上图为不同蛋白在不同模式下构象变化对比图。环形离子淌度质谱可提供不同的离子淌度模式,用于研究时方法的灵活设置。Trapping模式用于研究蛋白质离子在trap池中的构象稳定性;Spinning模式用于研究蛋白质离子在淌度分离的过程中的构象稳定性;CIU模式可以实现多级淌度分离(IMSn),用于探索蛋白质离子去折叠的动态过程。


Dale A. Cooper-Shepherd等人利用CIU模式,实现对Human TTR四聚体的二级淌度分离(IMS2),揭示了该蛋白不同构象逐级去折叠的过程[4]




不同构象TTR 四聚体在CIU模式下去折叠



HDX-MS已经成为研究蛋白质构象的一个重要工具,然而分析过程中氘代的丢失可能导致实验的准确度降低,所以尽可能缩短分析时间,是HDX实验成功的关键因素之一。


目前肽图分析色谱分离时间通常需要几十分钟,不仅耗费时间,对于如HDX-MS的肽图分析,更是存在色谱分离过程中氘代丢失导致实验准确度降低的可能。而环形离子淌度由于加入了多维淌度分离,提高了峰容量,可以大大缩短色谱分离所需时间。有研究使用环形离子淌度进行了肽图实验,对比了3 min色谱分离时间和直接进样(infusion)肽图覆盖率的差异[5],结果显示3 min色谱分离的肽图覆盖率达到了82%,这与长梯度液相分离得到的结果相当。Infusion的实验只比3 min梯度测得的结果少检出一个肽段。

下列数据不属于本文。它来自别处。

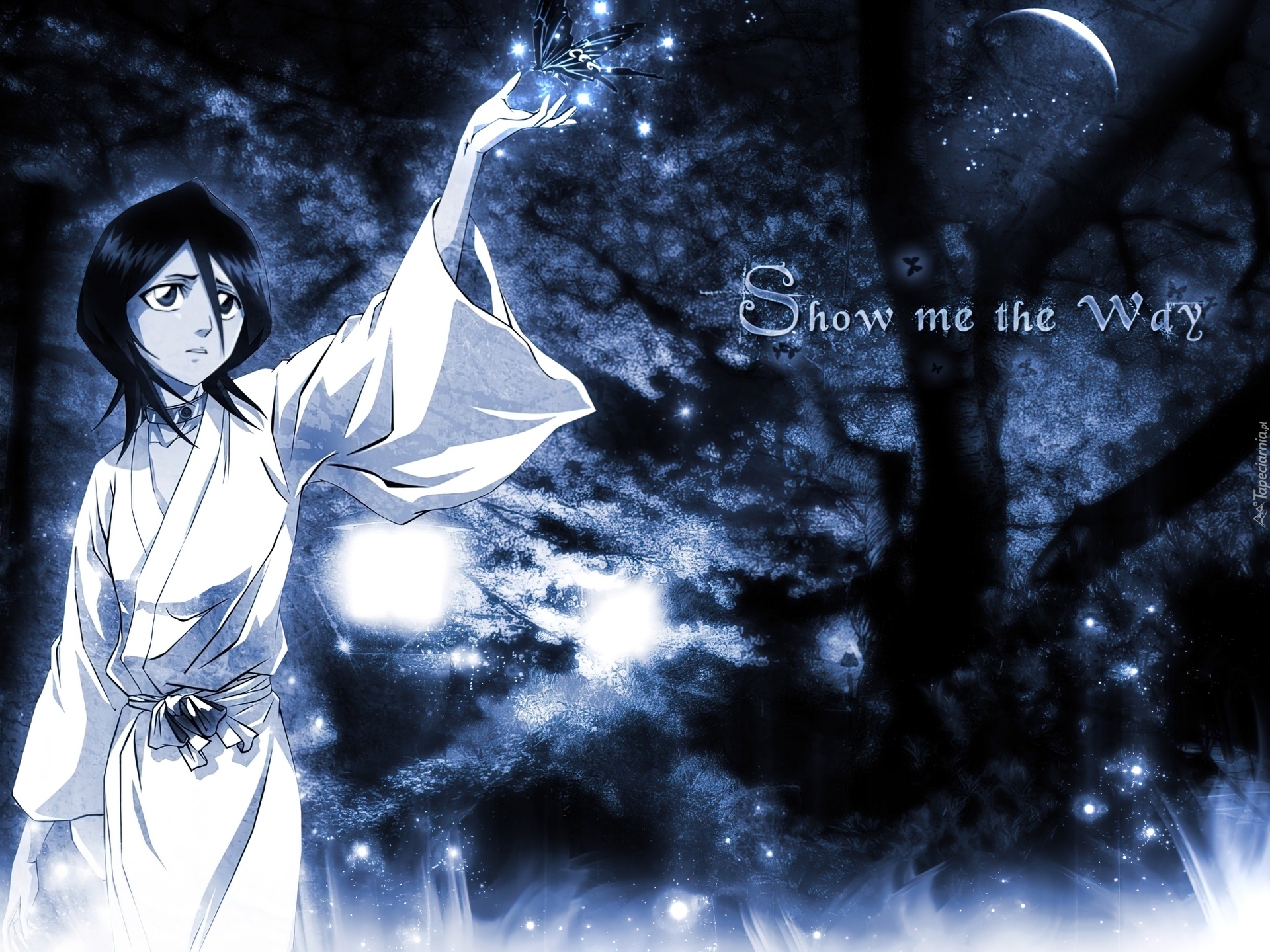 Edytor tapety: Bleach, kobieta, napisy, noc

蓝色区域:LC-MS鉴定出肽段;红色下划线:infusion鉴定出肽段


另外,该研究还发现骨架上的氘代(即酰胺键上氢原子放生的氘代)不会随着环形离子淌度分离时间的增长而丢失(如下图),说明氘代在淌度分离过程中是相对稳定的。




环形离子淌度质谱可以将非靶向发现及靶向精细分析集成在一个平台上,其优异的离子淌度分辨率,及灵活多样的数据采集模式,将帮助科学工作者达到新的科学高度。

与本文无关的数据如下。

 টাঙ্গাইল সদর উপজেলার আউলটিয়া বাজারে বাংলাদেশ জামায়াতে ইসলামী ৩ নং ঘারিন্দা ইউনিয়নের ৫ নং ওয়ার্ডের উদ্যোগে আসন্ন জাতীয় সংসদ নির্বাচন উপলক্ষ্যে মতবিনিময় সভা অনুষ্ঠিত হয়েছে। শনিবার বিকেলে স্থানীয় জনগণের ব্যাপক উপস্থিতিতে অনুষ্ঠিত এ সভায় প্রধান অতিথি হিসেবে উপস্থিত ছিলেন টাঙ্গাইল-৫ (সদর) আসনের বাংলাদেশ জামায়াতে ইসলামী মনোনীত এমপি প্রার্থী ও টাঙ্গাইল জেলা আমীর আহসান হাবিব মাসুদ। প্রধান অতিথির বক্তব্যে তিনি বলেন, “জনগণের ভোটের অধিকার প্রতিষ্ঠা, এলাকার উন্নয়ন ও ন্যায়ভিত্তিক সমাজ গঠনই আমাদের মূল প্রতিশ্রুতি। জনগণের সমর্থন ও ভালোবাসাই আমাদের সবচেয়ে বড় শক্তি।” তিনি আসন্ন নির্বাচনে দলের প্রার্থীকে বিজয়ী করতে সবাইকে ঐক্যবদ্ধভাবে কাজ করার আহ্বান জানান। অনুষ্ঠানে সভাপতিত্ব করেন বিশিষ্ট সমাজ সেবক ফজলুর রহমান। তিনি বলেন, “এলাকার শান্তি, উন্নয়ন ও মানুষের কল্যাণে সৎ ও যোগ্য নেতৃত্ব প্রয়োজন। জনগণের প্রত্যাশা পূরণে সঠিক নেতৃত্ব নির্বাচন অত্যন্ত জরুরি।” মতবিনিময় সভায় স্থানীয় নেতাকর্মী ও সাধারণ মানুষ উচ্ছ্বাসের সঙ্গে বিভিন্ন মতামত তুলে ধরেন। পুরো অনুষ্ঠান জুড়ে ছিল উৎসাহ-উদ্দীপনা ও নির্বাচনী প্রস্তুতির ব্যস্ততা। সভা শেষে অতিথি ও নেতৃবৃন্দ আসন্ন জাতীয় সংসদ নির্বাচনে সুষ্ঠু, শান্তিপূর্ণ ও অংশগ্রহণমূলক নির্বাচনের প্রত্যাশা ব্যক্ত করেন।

SELECT SERIES Cyclic IMS 环形离子淌度质谱


参考文献:

[1] Sisley E K, Ujma J, Palmer M, et al. LESA cyclic ion mobility mass spectrometry of intact proteins from thin tissue sections[J]. Analytical Chemistry, 2020, 92(9): 6321-6326.

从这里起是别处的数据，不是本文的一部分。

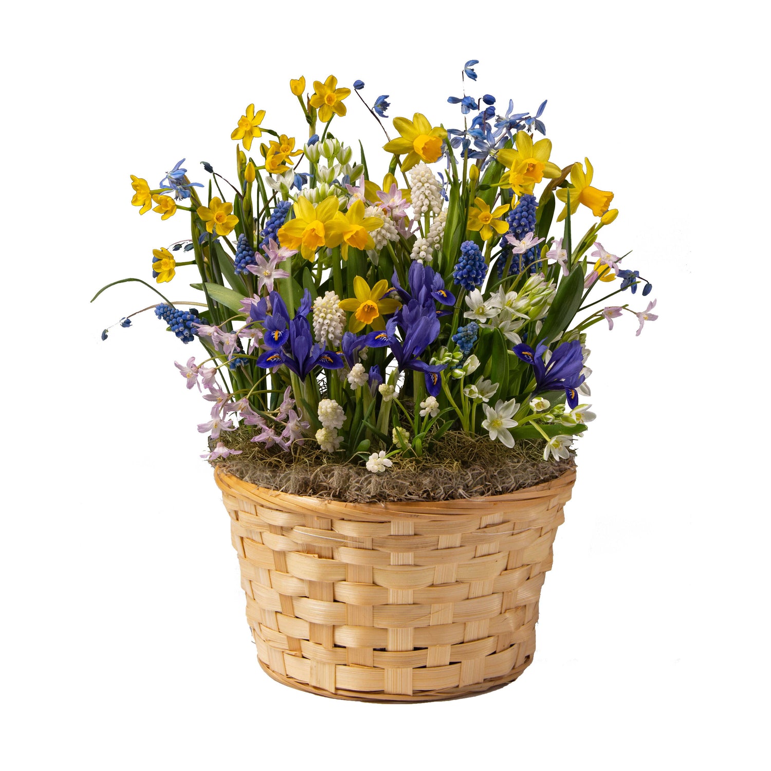 Planted with a curated mix of blooming bulbs—such as daffodils, grape hyacinths, irises, and other springtime favorites—this living arrangement arrives nestled in a natural woven basket and ready to grow. As the flowers emerge and unfurl, you'll enjoy the uplifting beauty and sweet fragrance of a garden in full bloom.

[2] Badman E R, Myung S, Clemmer D E. Evidence for unfolding and refolding of gas-phase cytochrome c ions in a Paul trap[J]. Journal of the American Society for Mass Spectrometry, 2005, 16(9): 1493-1497.

[3] Eldrid C , Ujma J , Kalfas S , et al. Gas Phase Stability of Protein Ions in a Cyclic Ion Mobility Spectrometry Traveling Wave Device[J]. Analytical Chemistry, 2019, 91(12).

[4] Tandem ion mobility coupled with mass spectrometry for gas phase unfolding studies.Waters application notes.

[5] Application of cyclic ion mobility mass spectrometry for high peak capacity sepatations of native and deuterated peptide mixtures. Waters application notes.